Nereye gidiyoruz, diye soruyorum. “Bilmem” diyor. Paramız varsa bi şeyler içebiliriz aslında, sıkıntı bastı beni içerde, diyorum. “Var ama çok da yok ya” diyor. Ben de baya yorgunum aslında ama bir bira falan daha içsek geçer içimdeki sıkıntı, diyorum. Sonra “tekel büfesi + sokak arası” formülünü öneriyorum. Kabul ediyor. Birkaç adım sonra karşımızda ufak, pis ama karanlıkta insana bir şekilde güven de veren bir büfeye rastlıyoruz. Yol paramızı ayırıyoruz, belki karnımız acıkır diye biraz daha ayırıyoruz, sonra kalanın bir kısmını da harcamak istemeyip ayırıyoruz ve geceye keyifli bir nokta koyacak birer bira alıp oturuyoruz insanlardan uzak bir köşe başına.

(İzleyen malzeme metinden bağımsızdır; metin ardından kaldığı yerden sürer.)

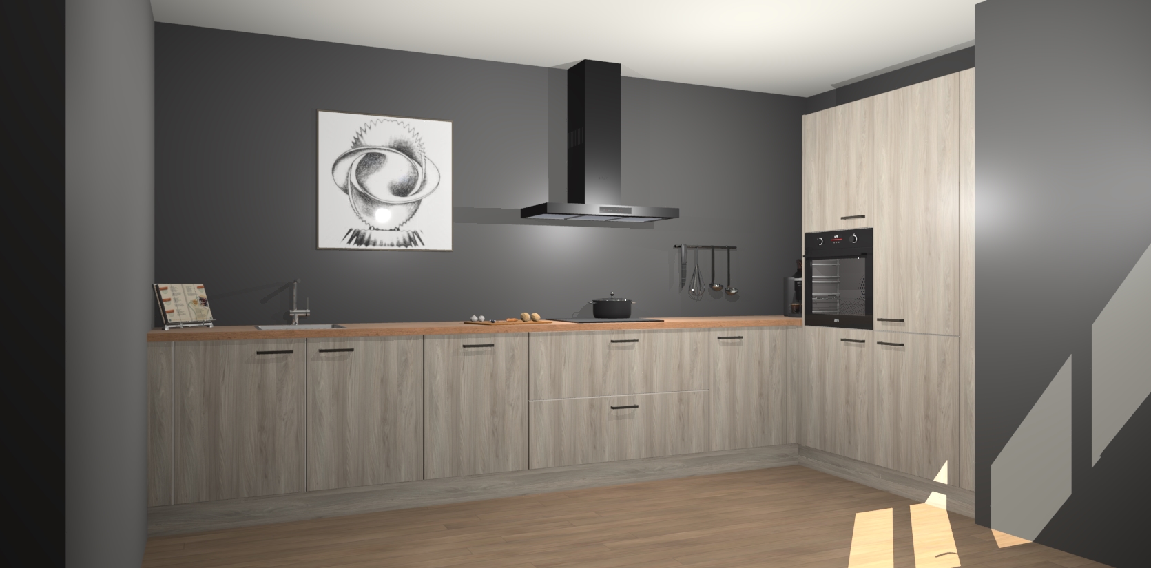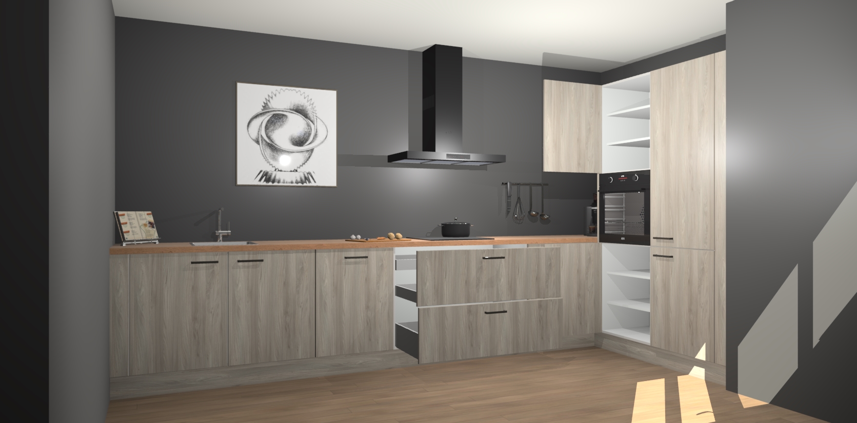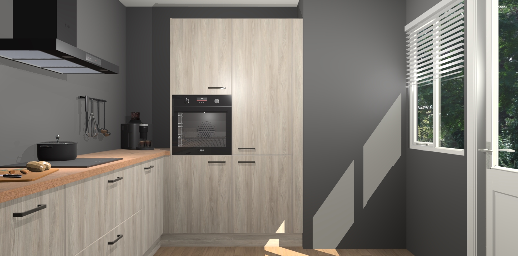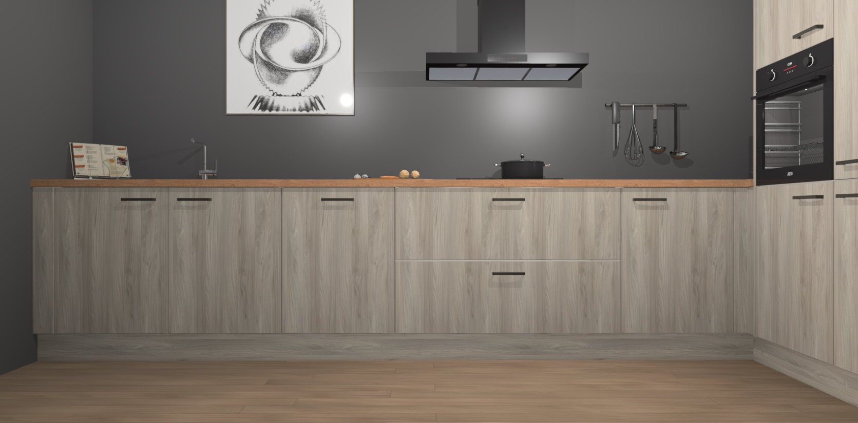 Welkom bij de Olm keuken Khao Lak. Deze prachtige keuken zal de komende jaren het middelpunt van de belangstelling in uw huis zijn. Uitgerust met vijf inbouwapparaten komt u nooit kookgereedschap tekort. Bovendien geeft de warme houtlook elke ruimte een uitnodigende en tijdloze uitstraling.
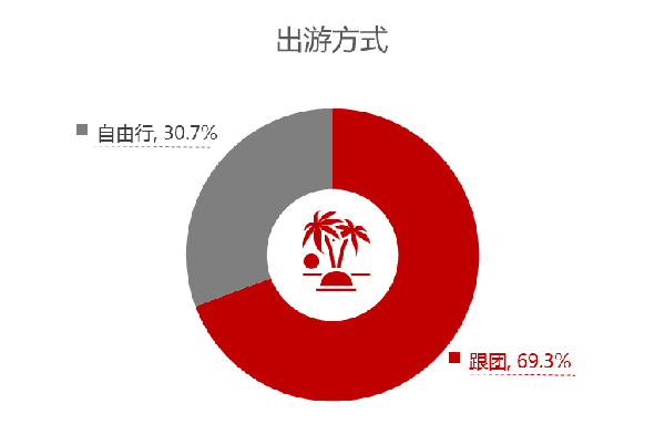 出游方式方面,跟团游为主要的出游方式,占比60.8%,自由行占比33.2%,目的地参团占比6%。
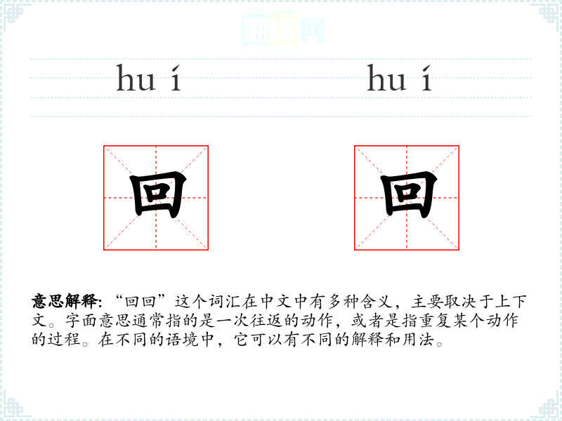 “回回”这个词汇在中文中有多种含义,主要取决于上下文。字面意思通常指的是一次往返的动作,或者是指重复某个动作的过程。在不同的语境中,它可以有不同的解释和用法。
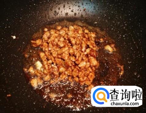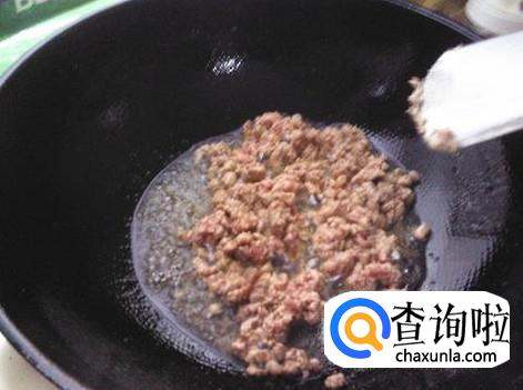 肉末下锅加适量的盐、生抽翻炒一下。
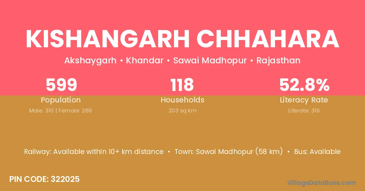 According to Census 2011 information, the village code of Kishangarh Chhahara village is 322025.
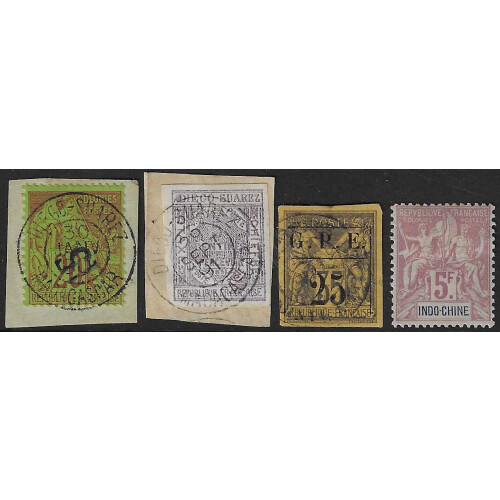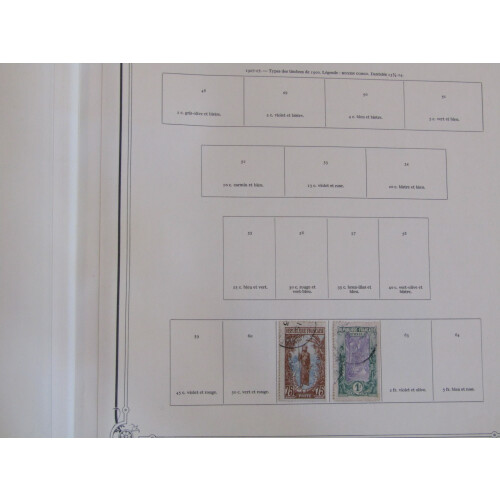 OLD TIME Printed Yvert album with a useful mint and used collection in country sections emphasis on 19th century to early 20th century better throughout noted Ivory Coast 1892 to 1f (Cat £280), 1900 15c, 25c mint, 50c used, 1912 surch set m, 1913 River Scene set mint, FR. Somali Coast 1894 imperfs to 30c m & u, 50c h/s specimen, 1902 0.05 on 75c orange & mauve f.u. (Cat £60), 10c on 10f mint (Cat £49), 1902-03 long set complete minus 2f mainly mint (Cat £300), 1903 centres in black mostly mint (Cat £225), 5f yellow-buff CDS (Cat £65), 1909 almost complete incl 1f & 2f used (Cat £115), 1915 set mint (Cat £65), Dahomey 1899-1905 to 50c m & u, 1906-07 to 1f used, 1906 P.Due to 1fr mint, 1912 surcharges , Indo-Chinese P.O. in China Kwangchow 1906 to 1f mint (Cat £140), 1923 set 21 mint (Cat £70), Madagascar 1891 5c, 15c & 25c used (Cat £110), 1895 ovpt 5c mint, 15c to 5f used (Cat £390), 1896-99 set mainly mint (Cat £200), 1900-06 25c mint, 35c used, 1902 surcharges 8 values m & u incl round Zero type II 0.05 on 30c mint, 1903 Zebu and Lemur 14 vals to 75c mint, 5f mint (Cat £400), 1908 Transport long set m (Cat £55), P.Dues 1896 40c mauve mint, Morocco 1891-1900 to 1p on 1f used (Cat £260), 1902-10 1p on 1f used (Cat £70), 1911-17 mainly complete mint, 1917 to 2p (2p is unused cat £190), P.Dues etc. Useful lot for expansion.

“Köşe başlarında içki içmek, insanda büyük bir özgürlük yanılsaması yaratıyor, de mi gençler?” diyor birisi. Ben bir an kalkıp uzaklaşma refleksi göstersem de gelenin yazar gibi adam olduğunu görüyorum. Hayatımda en çok kullandığım cevabı veriyorum: Olabilir. O da elinde bizimkinin aynısı birasıyla oturuyor. “İnsan özgür olmadığını fark ettiğinde, içinde bunun sıkıntısını yaşadığında çeşitli tanımlamalara giriyor. Çevresindeki topluluk durumlarını karşılaştırıyor, içlerinde kısa süreli geziniyor. Zamanla her birinin benzer özellikleri belirginleşiyor, bakışın tarafsızlaşıyor ve kalıpları hissediyorsun.” Neden bizimle böyle bir sohbete giriştiğini çözemiyorum ama bizi bir şekilde anladığını görüyorum. “Tek kurtuluşu görüyorsun…” diyor. Sonra üçümüz bir ağızdan “Yaratmak” diyoruz.

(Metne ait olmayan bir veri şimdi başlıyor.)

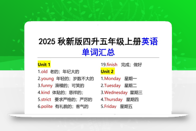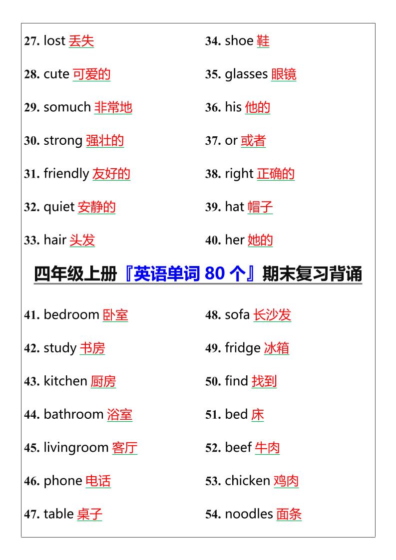繁星职途 四年级 【2025秋新版】四年级上册『英语单词80个』期末复习背诵 https://www.fanxingzhitu.com/15584.html
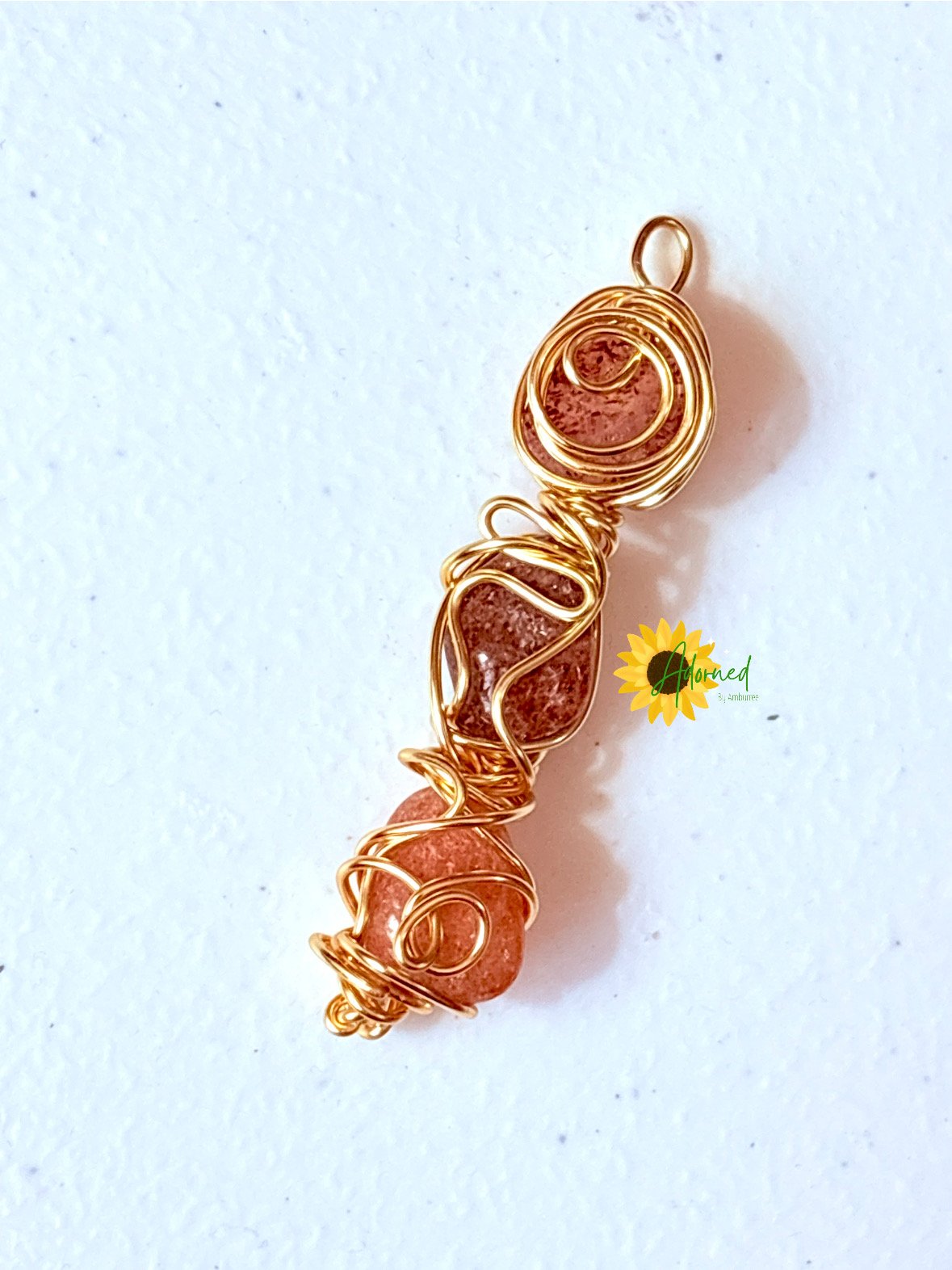 This triple stone pendant features Strawberry Quartz, hand-wrapped in warm copper using my signature sculptural flow. Three stones are stacked to represent joy, emotional openness, and natural attraction.

“İşte, sizinle bu yüzden konuşmak istedim. Ben bunun da çözüm olmadığını fark ettiğim zaman çok geç olmuştu. Siz şimdi fark etmenin eşiğinde gözüküyorsunuz” diyor. Ufak bir kafe sohbetinden neler anladığına şaşırıyorum, nedense sesi de çok tanıdık geliyor. “Özgür olmak için tüm insanlardan uzaklaşıp, insanların söylediklerine kulaklarını tıkayıp, kendi ufak dünyanızı yaratabileceğinizi düşündünüz” diyor. Biramdan büyükçe bir yudum alıyorum. “Fakat gerçekliğin insan beyninde var olması durumu… Her şeyi mahveden bu işte. Sen kendi zihninde neler yarattığını, neler hissettiğini, nereye ulaştığını düşünürsen düşün; diğer insanların belleğinde olmadığın sürece hiçbir yerdesin.”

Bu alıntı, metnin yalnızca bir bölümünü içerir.